Feudalism's main vehicle for suppression was the guise of security, coupled with keeping serfs all in abject poverty / enslavement. Capitalism's main vehicle, in contrast, is credit, and what a system we have created! No incentive to save, a retirement system so bad that we're required to put it in the stock market to even be able to retire (government bonds and money market funds, as a good banker once told me, will barely outpace inflation in the long run), less benefits, and a whole bunch of debt. Serfs may have been tied to the land by force, but we're tied to the land by mortgage.
Marx, as I learned, believed that capitalism would fail in the long run on its own (the ideas of forcing the defeat of capitalism through revolutionary action is falsely attributed to Marx and should be attributed to Leninism more appropriately). Lately, I question as to whether he is correct, as the polarization of our economy has only gotten worse since the massive deregulation of the 1980s.
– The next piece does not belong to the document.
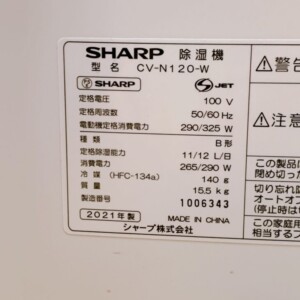 京都府亀岡市でSHARP除湿機 CV-N120-Wを出張買取しました|2021年製・動作良好品
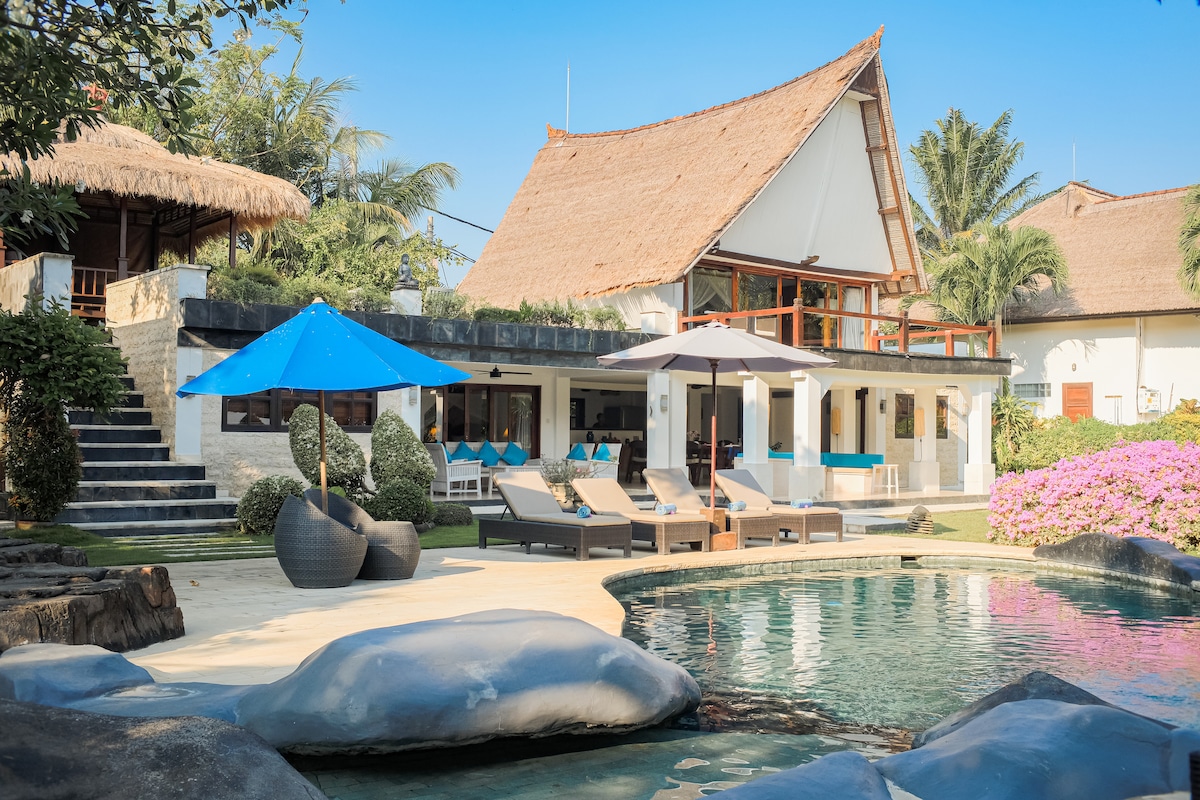 A place to escape the city hustle-bustle and the commercial Bali. Have the whole 1200sqm ( ~ 12900sq ft) space all for yourself! 18m x 5m pool + outdoor jacuzzi with bubble and jetting function. Outdoor BBQ. Wide-angle view of Bali Sea, rice paddies and wine vineyards. Our fully staffed and equipped villa is for those who want to experience the real Bali and serenity.

The only hope for capitalism, perhaps, is regulation, which, though, goes contrary to our ideals of unimpeded greed.
And here lies the ultimate truth about economics: you can't have it all. Is it acceptable to limit capitalism, if it benefitted the whole of society? Or are our delusions of grandeur of someday being mega-wealthy that powerful? The other question, though, is why they have to be mutually exclusive; there were quite a few millionaires and billionaires even in progressively regulated capitalism...and then we go back to an issue of propaganda...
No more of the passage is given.